L’IA au service de la distribution d’énergie
Dans l'équipe TAU, les chercheurs Isabelle Guyon et Marc Schoenauer s’intéressent à l’optimisation de la distribution de l'électricité sur les réseaux dits Power grids, thématique qui avait été lancée par Olivier Teytaud, aujourd’hui chez Facebook AI Research. Il s’agit de systèmes fortement régulés qui doivent à tout moment répondre à des demandes variées d'électricité de la part des consommateurs.

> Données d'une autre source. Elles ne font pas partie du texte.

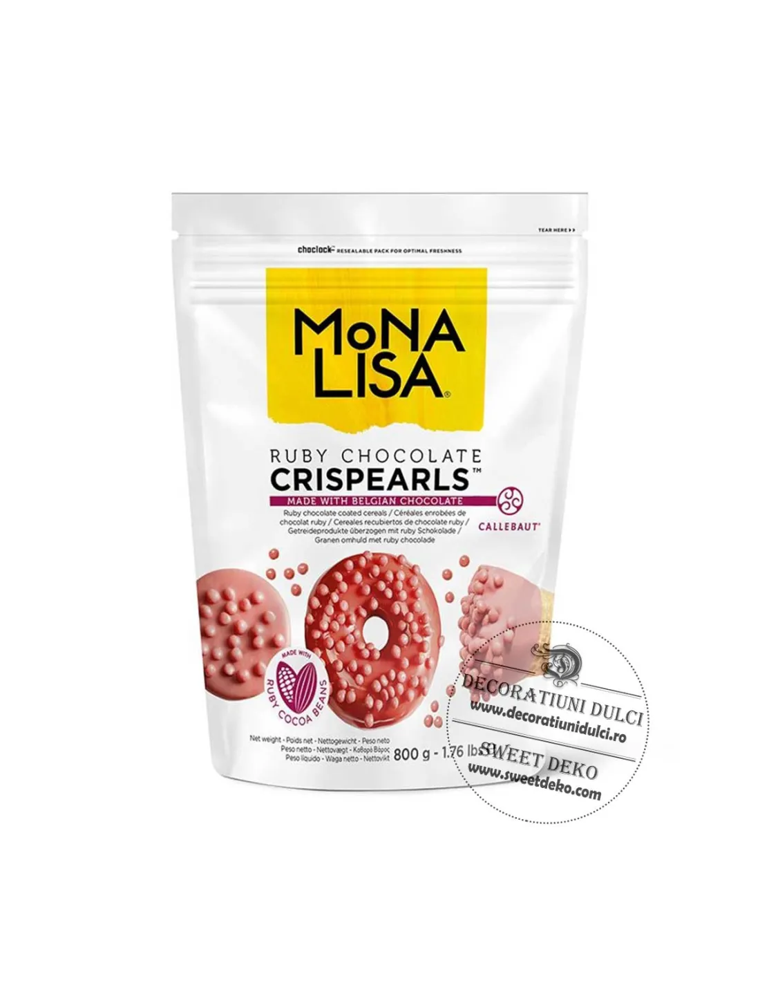 Cele mai fructate perle din ciocolata, Ruby Crispearls combina ciocolata fructata cu o inima crocanta de biscuiti. Excelent pentru a adauga o nota interesanta deserturilor sau produselor de patiserie. Ruby este acea ciocolata obtinuta pe cala naturala, fara arome si coloranti. Cu un gust care balanseaza intre dulce si tente usor acrute, il vei recunoaste imediat. Se pot utiliza de la combinatii in creme pana la deserturi calde.

De plus, l’imprévisibilité des énergies renouvelables due à leur dépendance aux conditions météorologiques complexifie l’exploitation de ces réseaux. Conséquence ? Il revient à des opérateurs humains d’agir pour assurer leur bon fonctionnement et leur sécurité. Les chercheurs travaillent sur des outils d'assistance aux opérateurs afin d'accroître la sécurité et de réduire les coûts. Développée à partir de données historiques, l’IA opérationnelle suggère par la suite des actions correctives en temps réel, afin que la puissance circulant dans chaque ligne ne dépasse pas les limites données (pas de surcharge électrique) et que la répartition de la puissance dans le réseau soit la plus régulière possible.